Two local students made moving videos about caring and compassion, and were amply rewarded for their artistry.

Mariah Barrera, a junior at City High/Middle School, won first prize, with an award of $1,000, and Morgan Weststrate, a sophomore at Byron Center High School, won second prize, worth $500, in the inaugural Spectrum Health Mosaic Mobile student film competition.

The contest is an outgrowth of the Mosaic Mobile Film Experience, an annual film festival for West Michigan students. This is the first time another organization has partnered with The Mosaic Film Experience to host its own contest. Spectrum wanted to recognize creativity, “a key skill for our community’s youth and our nearly 30,000 employees,” said Ovell Barbee, senior vice president of human resources.

Entrants had to use “people first” as a theme, use headphones as a prop, and use the words “We hear you” within their two- to three-minute films. Tess Cowles of Loy Norrix High School in Kalamazoo won the $250 third prize. The winners will be recognized at a Mosaic Film Experience event next fall.

Mariah Barrera wanted people to think about walls in a new way, other than the divisiveness of the proposed southern border wall

Reaching Beyond Walls

Mariah Barrera took the politically charged issue of a southern border wall with Mexico to make a broader statement about empathy, in her first-prize film “Behind the Wall.” It initially depicts a little boy peering up at a high wall and listening to a voice on the other side, then returning to the wall as a young man with a new perspective.

The characters are played by her brothers Zane, 3, and Marcos, 14, and the film was shot against the wall along the M-6 freeway near her Cutlerville area home.

Although the controversy about President Trump’s proposed border wall is very much on her mind as a Latina, Barrera said she wanted her video to go beyond that issue.

“Walls have become so synonymous with division,” Mariah said. “I took it on as my personal challenge to try to remove that association and try to offer something else. Sometimes these metaphorical walls or barriers can be opportunities for people to have empathy with each other.”

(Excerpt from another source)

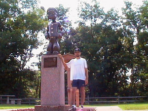 I hit some more neat milestones today. I rode into Chester, Illinois - the home of Popeye. The creator of the Popeye cartoon was born here and the town has gone Popeye crazy. Many businesses have "Popeye" in their name, the water tower has a large cartoon of Popeye on it and there are pictures of Popeye everywhere. The first picture is of me entering town and the second is at the Popeye statue at a small park just before the interstate bridge.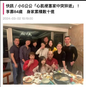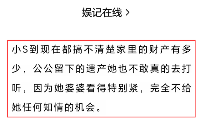 小S公公死字刚过了一周,着名娱记曝光一个大瓜,暗示小S到当今搞不透露家里的财产有些许,公公留住的遗产她也不敢确实探询。

Empathy comes through in her film, when a voice on the other side of the wall says to the little boy, “I hear you, we hear you.”

“If we can all have compassion and empathy, those things can prevail against any situation or border,” Mariah said. She will study filmmaking at New York University this summer, with an eye toward a career in film.

Notice Those Who Care

Byron Center High School sophomore Morgan Weststrate took home the second-place prize of $500 for her film, “Silent Voices.”

Morgan Weststrate’s short film makes the point that people can sometimes be blind to others who want to help them

Starring sophomore Alayna Adams and teacher Julie VanderLaan, the video shows how it’s easy to overlook people who are trying to reach out. She created it after attending the Mosaic Film Experience.

“At first, in the video, the girl thinks nobody cares about her, but she’s just blinded by those thoughts … (and) doesn’t even notice all these people are trying to help her out,” Morgan said. “Sometimes people don’t realize so many people are doing things for them and putting them first that they don’t even think about it.”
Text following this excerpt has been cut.